Classical Chinese poetry and painting represent an important part of the world’s cultural heritage, offering a window into ancient Chinese aesthetics, philosophy, and values. The interplay between these two art forms has fascinated artists and scholars for centuries, with paintings often inspired by and embodying the imagery and sentiments expressed in poems. Generating pictorial illustrations of classical Chinese poetry, therefore, presents an intriguing challenge for computational creativity.

The primary characteristic of classical Chinese poetry is highly symbolic and abstract language, where the poet often seeks to evoke a mood or convey a profound meaning through succinct and vivid imagery. This is in contrast to the more descriptive style of most existing datasets used for text-to-image synthesis, such as MSCOCO [1] and CUB [2]. The artistic style and visual elements in classical Chinese paintings are also quite distinct from photorealistic images. As such, directly applying models trained on natural images and descriptions to the poem-to-painting domain yields unsatisfactory results, as they fail to capture the implicit alignment of abstract concepts.

Another significant challenge is the lack of large-scale paired training data. While millions of poems and paintings from ancient China are preserved, the number of poems with explicitly corresponding paintings is quite limited. Most existing cross-modal translation approaches rely on supervised learning from paired data, which is infeasible in this low-resource setting. There is a need for techniques that can effectively learn from both the small number of paired examples and the larger unpaired corpus.

Refer to caption
Figure 1: The framework of the proposed semi-supervised framework.

To address these challenges, we propose a semi-supervised framework for classical Chinese poem-to-painting translation using cycle-consistent adversarial networks. Our approach is inspired by unsupervised image-to-image translation [3], which learns bidirectional mappings to enforce cycle consistency. As shown in Fig.1, we extend this idea to the cross-modal setting by introducing poem and painting encoders that map into a shared semantic space, and corresponding generators that decode from this space. The encoders and generators are trained with both adversarial and cycle consistency losses, ensuring that the generated paintings and poems are realistic and faithful in reconstruction. The use of a shared latent space encourages the network to learn a semantic alignment between the visual and textual modalities.

To our knowledge, ours is the first work to explore semi-supervised poem-to-painting translation with explicit cycle consistency. The main contributions are summarized as follows:

  • We propose a semi-supervised framework for Chinese poem-to-painting translation using cycle-consistent adversarial networks, which enables the joint learning from both paired and unpaired data.

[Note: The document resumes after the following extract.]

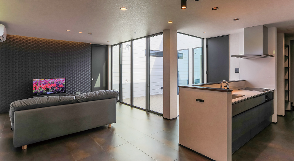 ACTIVE 大収納を実現するマルチな土間 収納で整う毎日の暮らし 収納で整う毎日の暮らし 特徴 収納量に応じた可動棚やロッカー式収納の提案 中庭から光が差し込む明るく開放的な家 内外観に合った素材選びでデザイン性を両立

  • We introduce several novel evaluation metrics to assess the quality, diversity, and semantic consistency of the generated poems and paintings, drawing insights from human artistic evaluation.

  • We contribute a new Chinese Painting Description Dataset, providing a valuable resource for research on artistic cross-modal translation.

  • Extensive experiments on the proposed dataset demonstrate the superiority of our approach against previous methods in generating high-quality, diverse, and semantically meaningful poem-painting pairs.

II Related works

Significant progress has been made in text-to-image and image-to-text translation in recent years, driven by advances in deep learning and generative models. In this section, we review most relevant works to our proposed approach for poetry and painting generation.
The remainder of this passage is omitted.